◆ Materials provided ◆
»»

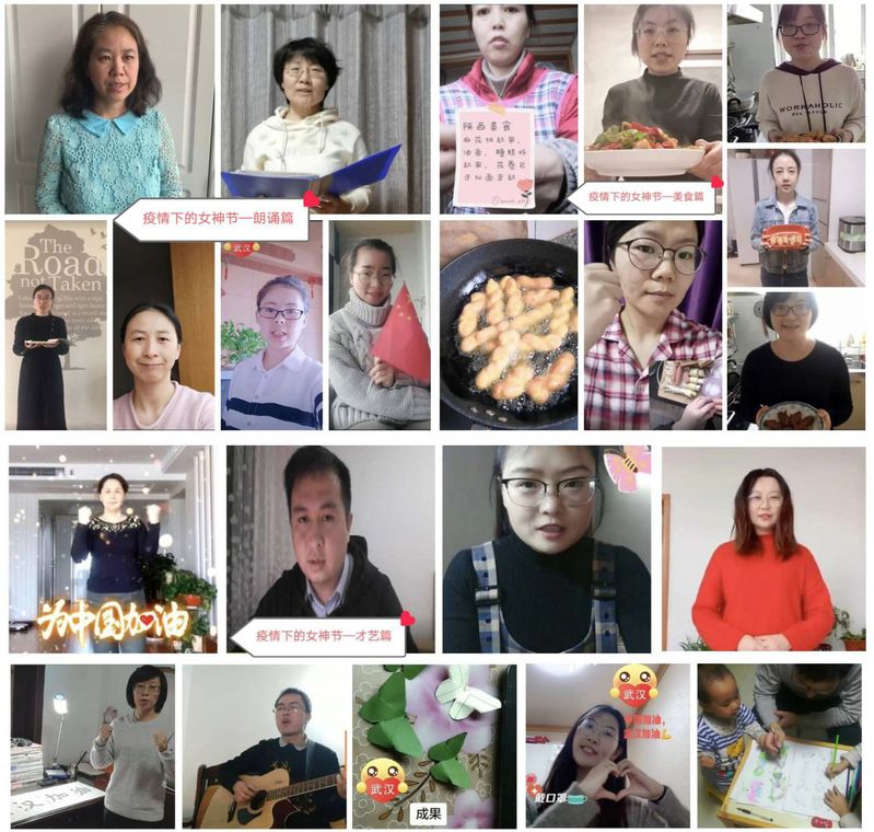 基础分会举行“立足自身岗位抗疫情,基础分会教师在行动”为主题的节日活动,该活动分为朗诵、摄影、书画、厨艺比赛,基础分会教职工在做好线上教学的同时发挥自己的特长,或展示精湛的厨艺、或展示精美绘画、或展示感人的朗诵,尤其英语教研室4位女教师发挥自己的优势用英语为宣传片《武汉疫情》配音,老师们用自己的行动抗击疫情,武汉必胜、中国必胜!(赵增逊)
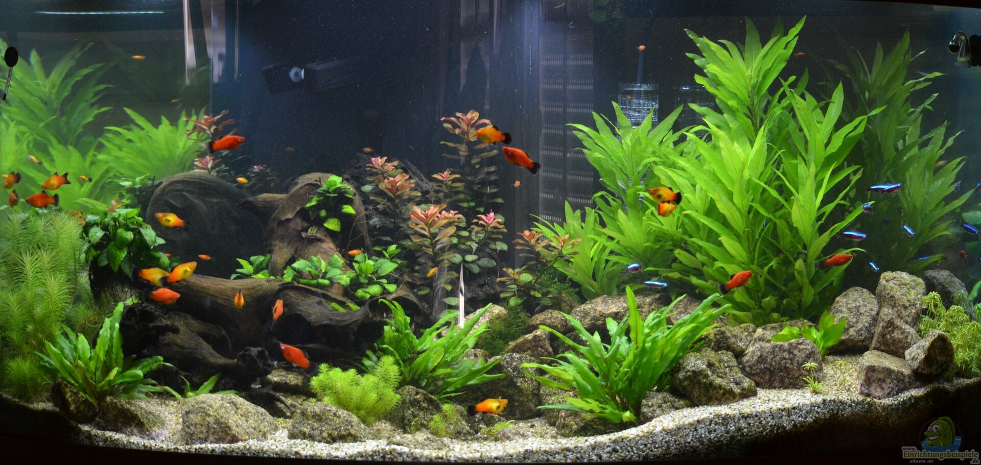 Nach einem Umzug hat das Becken jetzt seinen neuen Platz erhalten. Steine, Wurzeln und Kies wurden gewaschen und wieder verwendet. Der Filter wurde mitgenommen ohne ihn zu reinigen. Bodengrund wurde erneuert. Die Pflanzen wurden aussortiert und ca die hälfte mit genommen. Die Bewohner sind alle mit umgezogen.
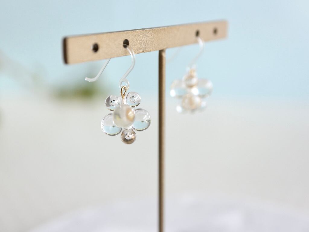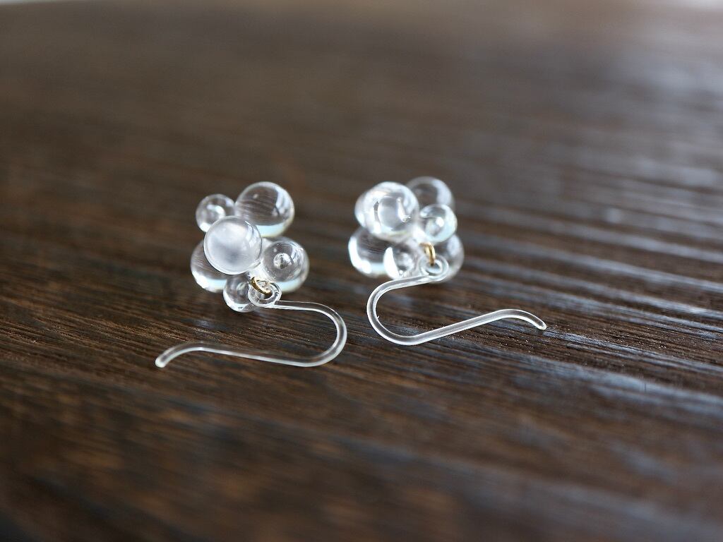 透明のアクリルビーズを使ったコロコロピアス。
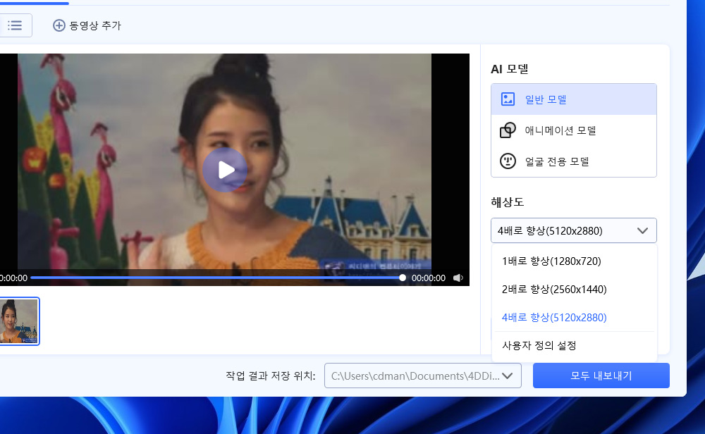 동영상 화질 높이는 방법도 있습니다. 옛날 영상이나 화질이 떨어지는 영상을 개선하는 작업이 가능합니다.
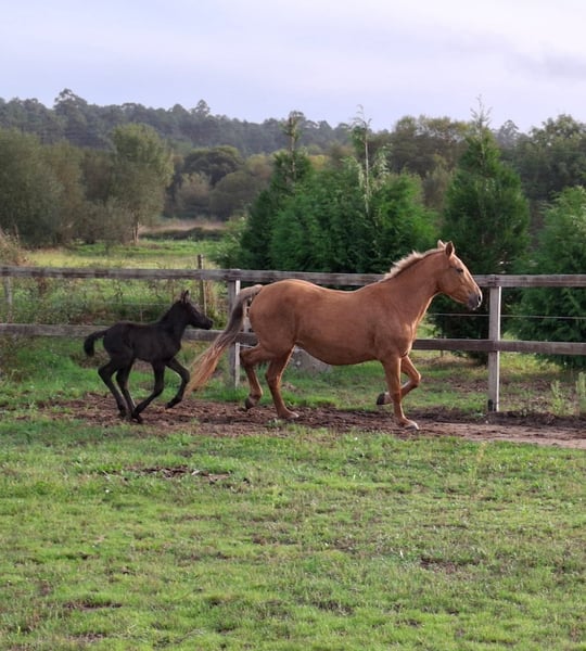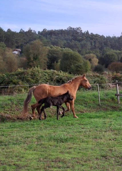 Sprzedam klacz o wspaniałym temperamencie, jeżdżoną z wysokiej klasy ćwiczeniami szkoły jazdy. Klacz jest w ciąży z młodym źrebięciem, które niedawno się urodziło. Rasy wyjątkowe, na zdjęciu ojciec – konik czarnej maści, czystej rasy hiszpańskiej.
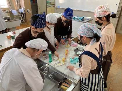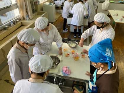 後片付けも協力して手際良く進めました。この後はいよいよ会食を楽しみます。
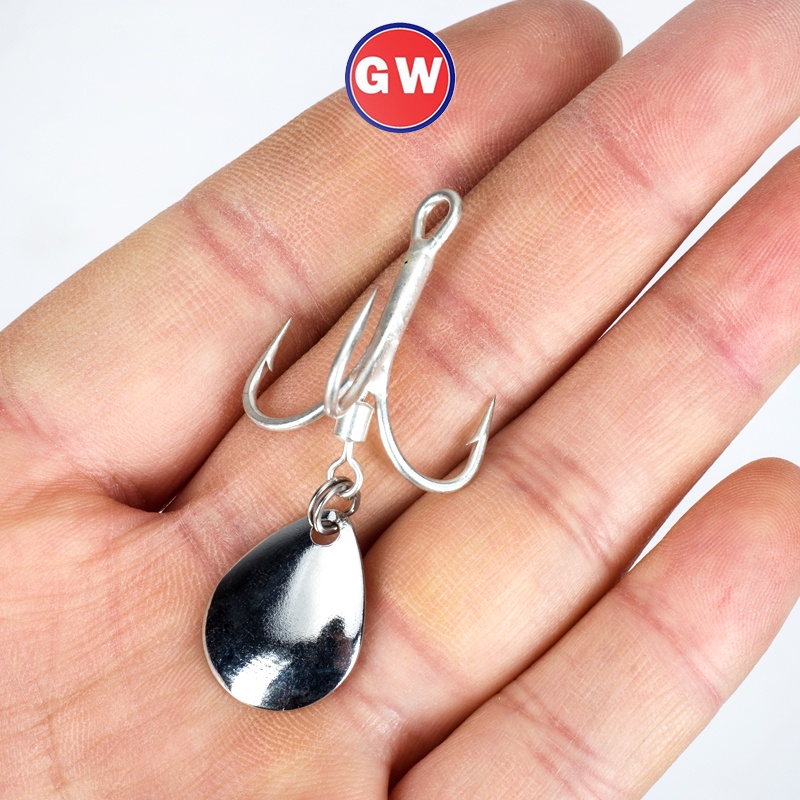 Detail 1 Pcs Sliver/Glod Treble Sendok Memancing Kait Baja Karbon Tinggi Putar Payet Treble Hooks Air Asin Air Tawar Ikan Kait

««

◆ Exercise details ◆
Copy each entry exactly, with no pictures.

◆ Solution to this task ◆
 基础分会举行“立足自身岗位抗疫情,基础分会教师在行动”为主题的节日活动,该活动分为朗诵、摄影、书画、厨艺比赛,基础分会教职工在做好线上教学的同时发挥自己的特长,或展示精湛的厨艺、或展示精美绘画、或展示感人的朗诵,尤其英语教研室4位女教师发挥自己的优势用英语为宣传片《武汉疫情》配音,老师们用自己的行动抗击疫情,武汉必胜、中国必胜!(赵增逊)
 Nach einem Umzug hat das Becken jetzt seinen neuen Platz erhalten. Steine, Wurzeln und Kies wurden gewaschen und wieder verwendet. Der Filter wurde mitgenommen ohne ihn zu reinigen. Bodengrund wurde erneuert. Die Pflanzen wurden aussortiert und ca die hälfte mit genommen. Die Bewohner sind alle mit umgezogen.
 透明のアクリルビーズを使ったコロコロピアス。
 동영상 화질 높이는 방법도 있습니다. 옛날 영상이나 화질이 떨어지는 영상을 개선하는 작업이 가능합니다.
 Sprzedam klacz o wspaniałym temperamencie, jeżdżoną z wysokiej klasy ćwiczeniami szkoły jazdy. Klacz jest w ciąży z młodym źrebięciem, które niedawno się urodziło. Rasy wyjątkowe, na zdjęciu ojciec – konik czarnej maści, czystej rasy hiszpańskiej.
 後片付けも協力して手際良く進めました。この後はいよいよ会食を楽しみます。
 Detail 1 Pcs Sliver/Glod Treble Sendok Memancing Kait Baja Karbon Tinggi Putar Payet Treble Hooks Air Asin Air Tawar Ikan Kait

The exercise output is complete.